KLS Martin IPS Distraction System is comprised of patient-specific models, guides and distraction footplates used in conjunction with previously cleared distractor bodies and metallic bone screws for internal fixation and reconstruction of maxillofacial / midface and mandibular bones. The devices are manufactured based on medical imaging (CT scan) of the patient's anatomy with input from the physician during virtual planning and prior to finalization of the device. The physician only provides input for model manipulation and interactive feedback by viewing digital models of planned outputs that are modified by trained KLS Martin personnel during the planning session. For each design iteration, verification is performed by virtually fitting the generated device model over a 3D model of the patient's anatomy to ensure its dimensional properties allow an adequate fit.

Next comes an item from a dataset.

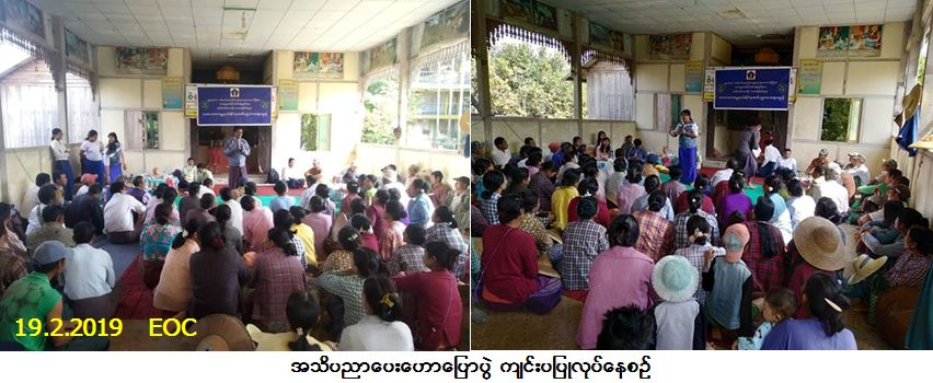 လူမှုဝန်ထမ်း၊ ကယ်ဆယ်ရေးနှင့် ပြန်လည်နေရာချထားရေးဝန်ကြီးဌာန၊ ဘေးအန္တရာယ်ဆိုင်ရာ စီမံခန့်ခွဲမှုဦးစီးဌာန၊ စစ်ကိုင်းတိုင်းဒေသကြီးဦးစီးမှူးရုံးမှတာဝန်ရှိသူများသည် ကသာခရိုင်ဦးစီးမှူးရုံး မှတာဝန်ရှိသူများနှင့် ပူးပေါင်း၍ ကသာခရိုင်၊ ဒုံအော့ကျေးရွာ၊ ဓမ္မာရုံ၌ (၁၉-၂-၂၀၁၉) ရက်နေ့၊ (၁၁း၀၀) နာရီအချိန်မှ (၁၂း၃၀) နာရီအချိန်အထိ သဘာဝဘေးအန္တရာယ်နှင့် စပ်လျဉ်း၍ ဆောင်ရန်/ရှောင်ရန်အချက်များအား ဆွေးနွေးဟောပြောခဲ့ရာ ရွာသူ/သား (၁၀၀) ဦးခန့်တက်ရောက်ခဲ့ပြီး တက်ရောက်လာသူများအား လက်ကမ်းစာစောင်များ ဖြန့်ဝေခဲ့ပါကြောင်း သတင်းရရှိပါသည်။

Implants are provided sterile or non-sterile, range in thickness from 0.6 - 10 mm, and are manufactured using additive or traditional (subtractive) methods from either CP Titanium (ASTM F67) or Ti-6A1-4V (ASTM F136) materials. These patient-specific devices are fixated with previously cleared KLS Martin screws.

This document describes the 510(k) summary for the KLS Martin IPS Distraction device. It provides information regarding the device's indications for use, technological characteristics, and a comparison to predicate and reference devices to support a claim of substantial equivalence.

Based on the provided text, the device in question is a medical implant (bone plates) designed for cranial and facial bone distraction. Therefore, the acceptance criteria and study proving its performance will relate to its mechanical properties, biocompatibility, sterilization, software validation, and clinical safety and effectiveness for its intended patient population.

Here's an analysis of the provided text to extract the requested information:

1. Table of Acceptance Criteria and Reported Device Performance

The document does not present a formal table of acceptance criteria with corresponding performance metrics in a pass/fail format. Instead, it describes various tests performed and their outcomes in narrative form to demonstrate substantial equivalence. I will infer the "acceptance criteria" from the types of tests conducted and the "reported device performance" from the stated results.

2. Sample Size Used for the Test Set and the Data Provenance

• Mechanical Testing (Weld Strength): The document does not specify the exact sample size for the weld strength test. It states "A direct comparison weld strength test was performed," implying sufficient samples for a comparative analysis, but no number is given.
• Biocompatibility, Sterilization, Pyrogenicity: These tests leveraged data from a previously cleared device (K191028). No new sample sizes are explicitly mentioned for these, as the substantial equivalence hinges on the similarity to the already-tested reference device. If new samples were tested for verification, their numbers are not stated.
• Software V&V: No specific sample size (e.g., number of cases or simulations) is mentioned for software testing. It refers to "all software requirements and specifications" and "on-site user acceptance testing."
• Clinical Performance (Pediatric): 5 clinical studies were analyzed to support the pediatric indications. The document lists the studies, but does not state how many patients were in the "test set" for the KLS Martin device specifically. These appear to be literature reviews, not new clinical trials conducted for this device clearance.
  • Data Provenance: The provenance of the data for the 5 analyzed clinical studies is implied to be from published literature ("Based on published literature findings"). Specific country of origin is not mentioned, nor is whether the studies were retrospective or prospective, though typical clinical trials are prospective, and reviews can be of either.

3. Number of Experts Used to Establish the Ground Truth for the Test Set and the Qualifications of Those Experts

• Mechanical, Biocompatibility, Sterilization, Pyrogenicity, Software V&V: The document does not mention the use of external "experts" to establish ground truth for these non-clinical performance tests. These are typically assessed against pre-defined engineering and biological standards by internal or contract testing labs.
• Clinical Performance (Pediatric): The "ground truth" for the pediatric clinical performance is based on "published literature findings" and risk assessments performed based on FDA guidance. There is no mention of a specific number of experts used to establish a new ground truth for this 510(k) submission's test set. The experts are implicitly the authors of the peer-reviewed clinical literature analyzed and the regulatory/clinical affairs personnel conducting the risk assessment. Qualifications of these implied experts are not detailed in this document.

4. Adjudication Method for the Test Set

• No adjudication method (e.g., 2+1, 3+1) is described for any of the tests, as these are technical performance tests or literature reviews, not studies involving human interpretation of medical images or data requiring reader consensus.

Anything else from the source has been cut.